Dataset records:
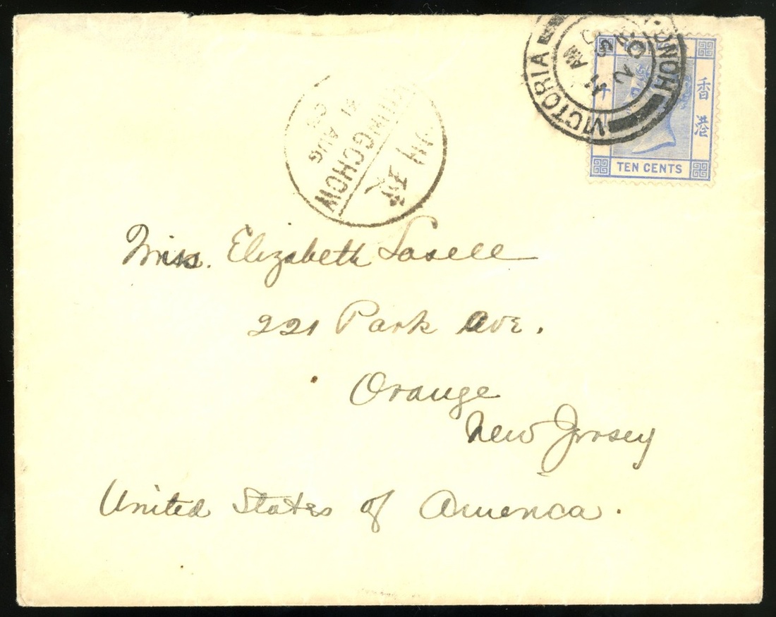 1903 (31 Aug.) envelope from Hainan to U.S.A. showing Kiungchow bilingual c.d.s. and bearing Hong Kong Q.V. 10c. tied by "Victoria/Hong Kong" c.d.s. (2.9), New York (11.10) arrived c.d.s., fine.
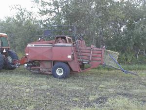To build his unit, Toews modified a Hesston 4755 medium square baler by removing the feeding mechanism and replacing it with one he designed to accept bales measuring 14 by 18 by 32 in. long.
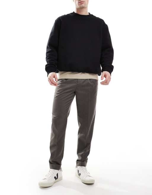 ASOS DESIGN – Bruna, avsmalnande byxor i mikrotextur
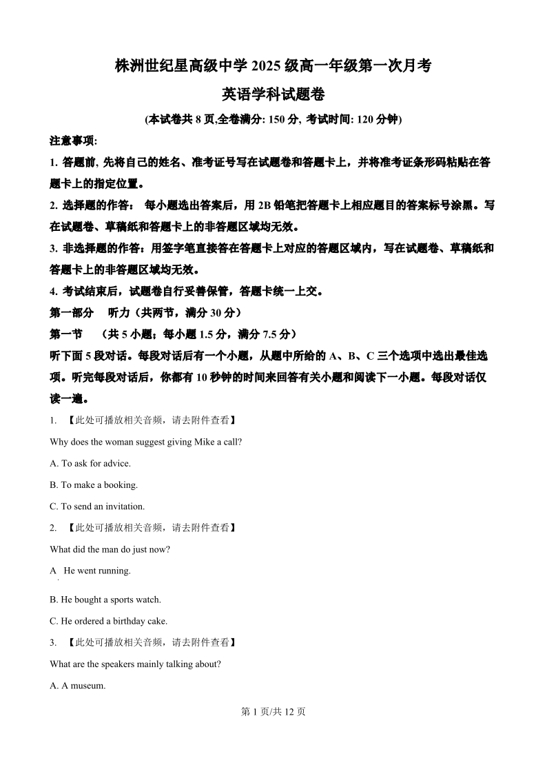 高一英语(原卷版)--湖南省株洲世纪星高级中学2025-2026学年高一上学期第一次月考
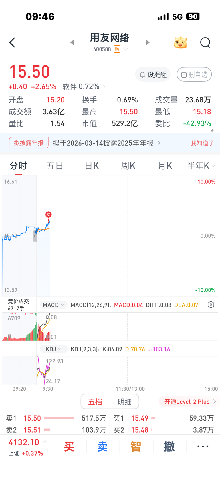 $用友网络(SH600588)$ 加了500股,目前3500股。
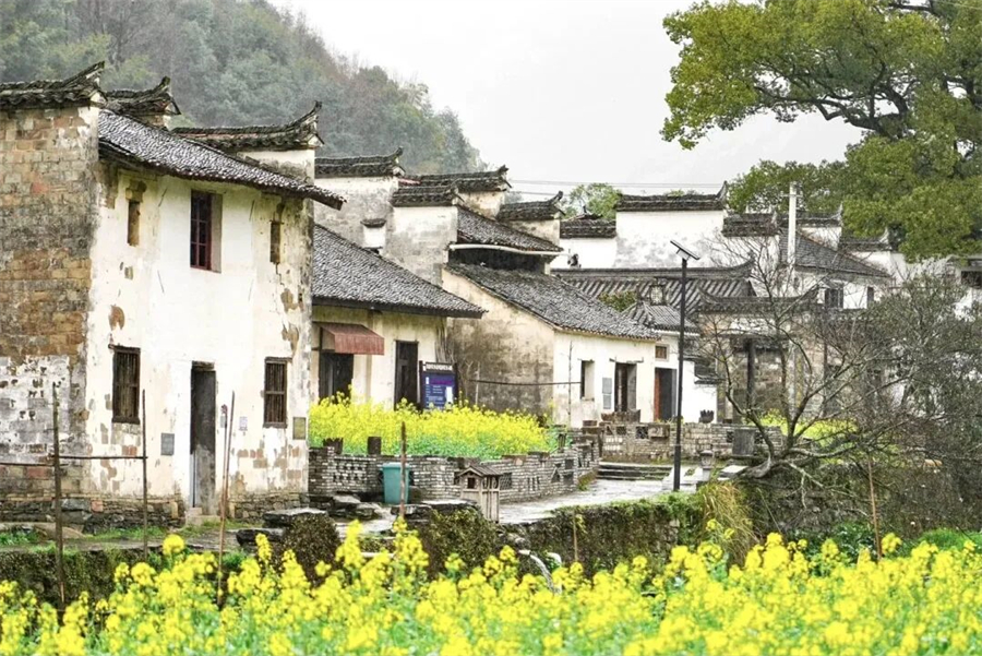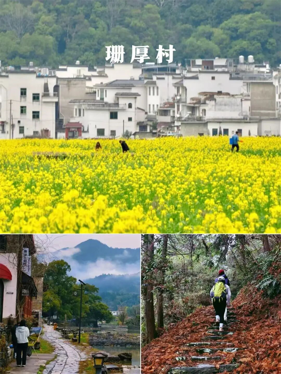 『井坞村』在地图上可能也找不到这个小村庄。只有几户人家,从古道里走出,豁然开朗,便见到了井坞,村庄周围种满了油菜花,与徽州古村落相得益彰,引人入胜。『珊厚村』坐落在山窝里,四面环山,没有公路,只有古驿道相通,北可以去庆源,南可以去下坦,古驿道沿着一条峡谷前行。一路上有瀑布、水潭,春天时,山花烂漫,村子里的房屋错落有致,房前屋后满是桃树、梨树,加上村口的油菜花,同时开放,遗失的古村落。

» **Your goal**: This calls for an exact copy of all the entries above, with the pictures omitted.

» **Response to this exercise**:
 1903 (31 Aug.) envelope from Hainan to U.S.A. showing Kiungchow bilingual c.d.s. and bearing Hong Kong Q.V. 10c. tied by "Victoria/Hong Kong" c.d.s. (2.9), New York (11.10) arrived c.d.s., fine.
To build his unit, Toews modified a Hesston 4755 medium square baler by removing the feeding mechanism and replacing it with one he designed to accept bales measuring 14 by 18 by 32 in. long.
 ASOS DESIGN – Bruna, avsmalnande byxor i mikrotextur
 高一英语(原卷版)--湖南省株洲世纪星高级中学2025-2026学年高一上学期第一次月考
 $用友网络(SH600588)$ 加了500股,目前3500股。
 『井坞村』在地图上可能也找不到这个小村庄。只有几户人家,从古道里走出,豁然开朗,便见到了井坞,村庄周围种满了油菜花,与徽州古村落相得益彰,引人入胜。『珊厚村』坐落在山窝里,四面环山,没有公路,只有古驿道相通,北可以去庆源,南可以去下坦,古驿道沿着一条峡谷前行。一路上有瀑布、水潭,春天时,山花烂漫,村子里的房屋错落有致,房前屋后满是桃树、梨树,加上村口的油菜花,同时开放,遗失的古村落。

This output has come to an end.